Your instructions>
Leave every picture out, and give again exactly the lines from the one containing "STILT FLOOR PLAN" through the end of the listing.

——

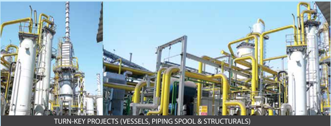
TURN-KEY PROJECTS (VESSELS, PIPING SPOOL & STRUCTURALS)
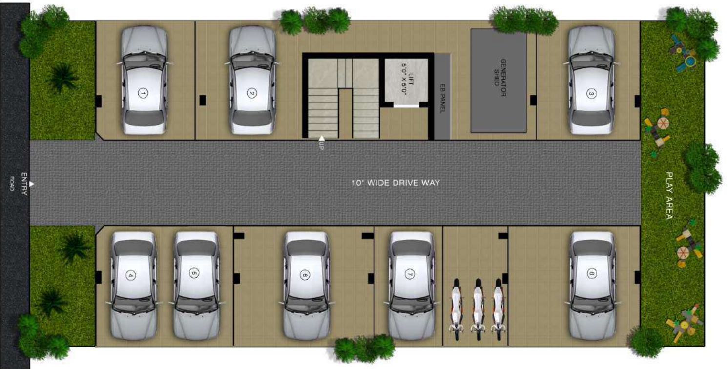
STILT FLOOR PLAN
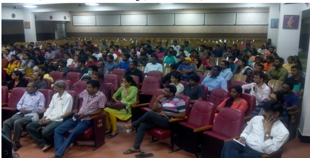
Learners attending Induction Programme at LSC-2501 DDGD Vaishnav College, Chennai
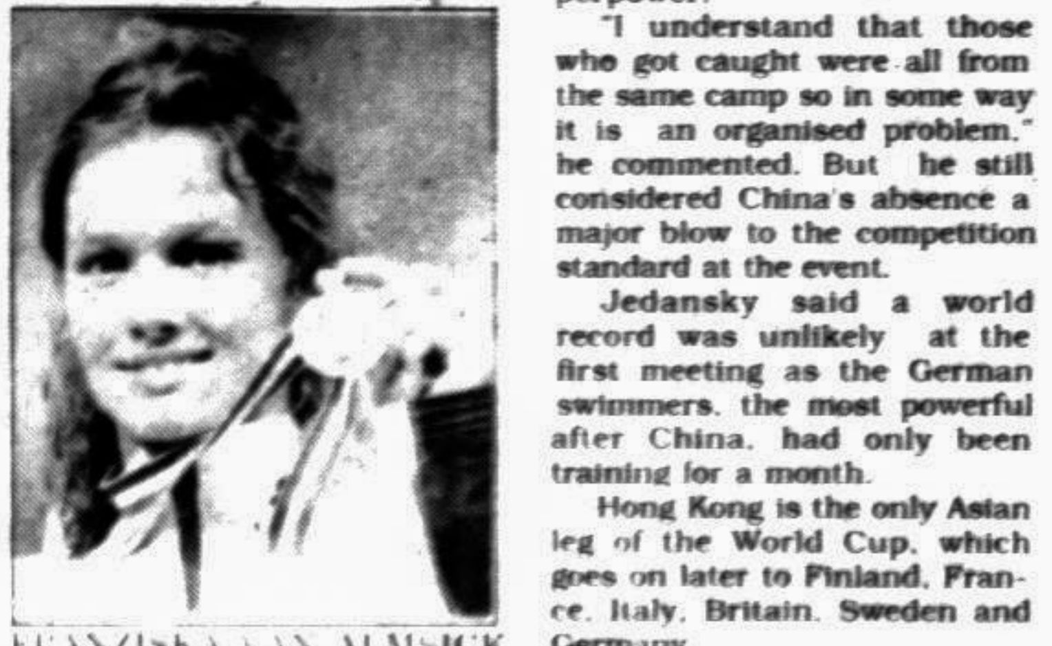
FRANZISKA VAN ALMSICK
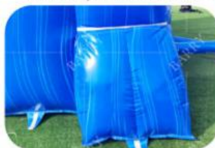
Slide Side Webbing Reinforcement
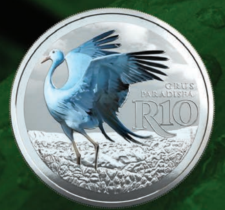
2017 R10 BLUE CRANE
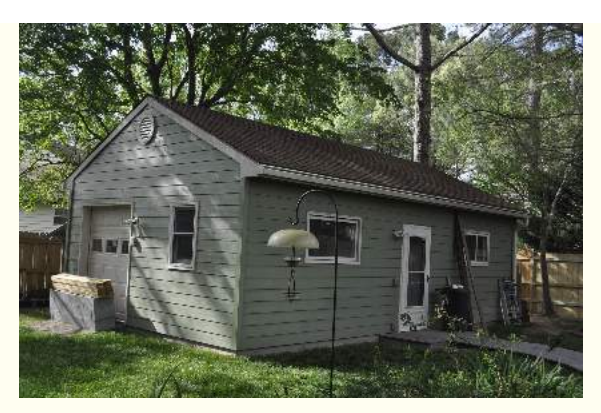
Gary's 18' x 30' Workshop He Built With Help From Friends

Gary completed his detached work shop in October of 2008. It is 18' x 30' with 9' high ceilings. It is heated and air-conditioned using a PTAC ( P ackaged Terminal A ir C onditioner) heat pump unit. You see these units in hotel rooms. They are very cost effective. For electricity I "borrowed" 100 Amps from the house panel. This kept me from having to have Dominion put in a separate line. While laying the electrical cable in the trench from the house to the shop I also ran coax for my Verizon TV connection along with a dedicated land line for the phone. The shop is now equipped with WIFI via the electrical system.

——

Task result>
STILT FLOOR PLAN
Learners attending Induction Programme at LSC-2501 DDGD Vaishnav College, Chennai
FRANZISKA VAN ALMSICK
Slide Side Webbing Reinforcement
2017 R10 BLUE CRANE
Gary's 18' x 30' Workshop He Built With Help From Friends

Gary completed his detached work shop in October of 2008. It is 18' x 30' with 9' high ceilings. It is heated and air-conditioned using a PTAC ( P ackaged Terminal A ir C onditioner) heat pump unit. You see these units in hotel rooms. They are very cost effective. For electricity I "borrowed" 100 Amps from the house panel. This kept me from having to have Dominion put in a separate line. While laying the electrical cable in the trench from the house to the shop I also ran coax for my Verizon TV connection along with a dedicated land line for the phone. The shop is now equipped with WIFI via the electrical system.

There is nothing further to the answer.